2.1 You should have a designated stakeholder pension scheme for relevant employees.
- Consult your staff about which scheme to choose. While you should consider their views, you are not obliged to act on them.
- Ensure that the designated scheme is registered with the Pensions Regulator (formerly Opra).
2.2 You must make your employees aware of the scheme you have designated, but you do not need to promote it actively.
- You must be prepared to pass information about the scheme to your employees, or to allow the provider to do so.
- Your provider should produce most of the marketing materials.
- You need some system for answering employees' questions but do not give employees individual advice.
- You can encourage staff to invest in a pension, but do not recommend one particular scheme.
2.3 You must deduct the employee's contributions from pay, if asked to do so, and forward them to the provider of the designated stakeholder scheme.
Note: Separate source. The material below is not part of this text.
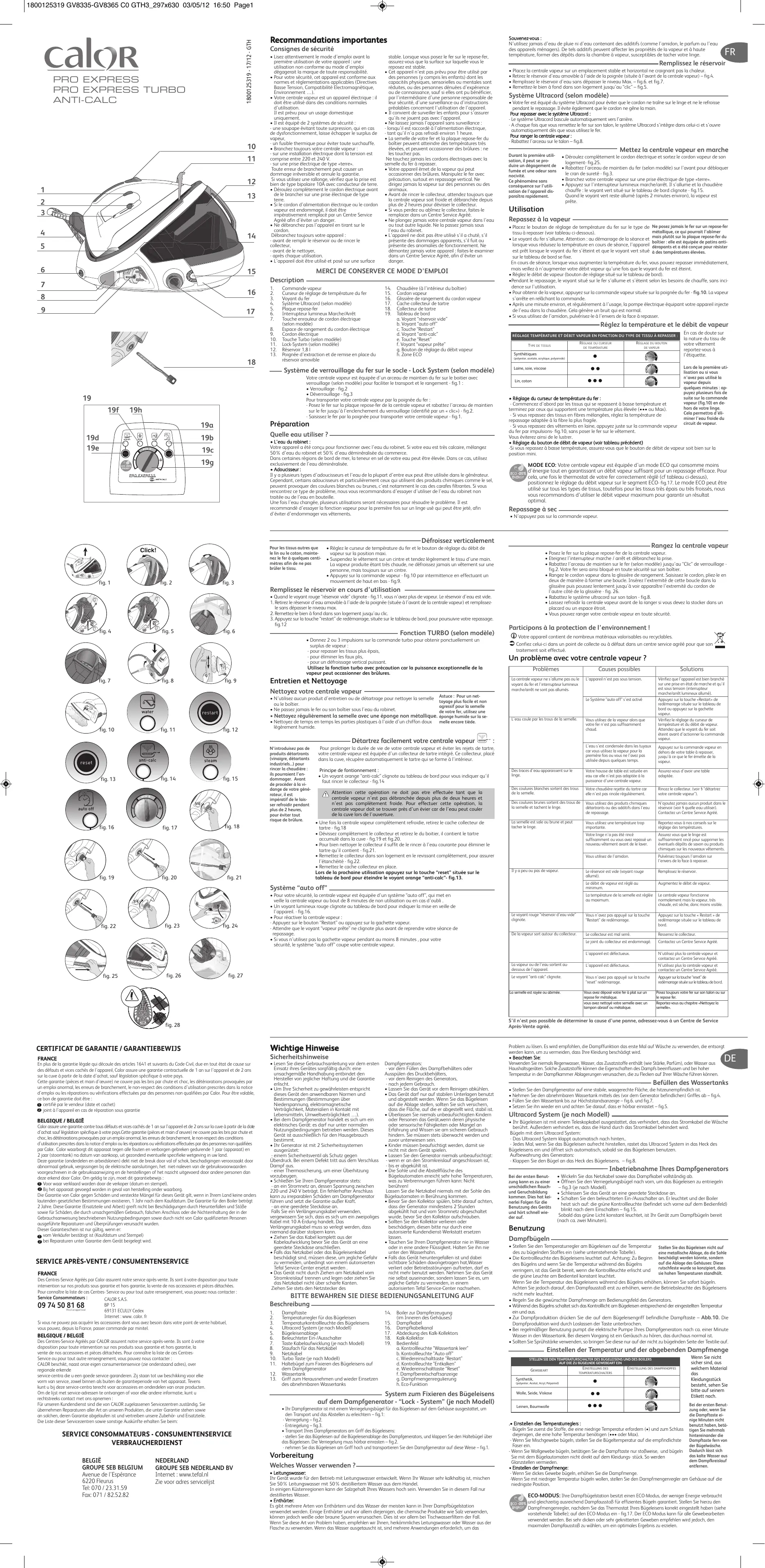 Téléchargez la notice de votre Fer à repasser vapeur au format PDF gratuitement ! Retrouvez votre notice PRO EXPRESS TURBO GV8319C0 - CALOR et reprennez votre appareil électronique en main. Sur cette page sont publiés tous les documents nécessaires à l'utilisation de votre appareil PRO EXPRESS TURBO GV8319C0 de la marque CALOR.

- The employee decides on the size of his or her contributions. He or she can now choose to put up to 100 per cent of their earnings into pension funds, and provided they are registered with HM Revenue & Customs, the whole amount will qualify for tax relief.
- Employees must be allowed to change the level of their contributions, but the employer need not accept more than one change every six months. They can ask you to stop deductions at any time. If this is the case, you do not have to restart them until six months is up.
- Deductions are made from earnings after tax. HM Revenue & Customs will credit basic rate tax relief for all members to the stakeholder pension provider later. Higher rate tax payers can claim additional relief through self-assessment tax returns.
- Contributions deducted from pay must be paid to the provider by the 19th of the following month.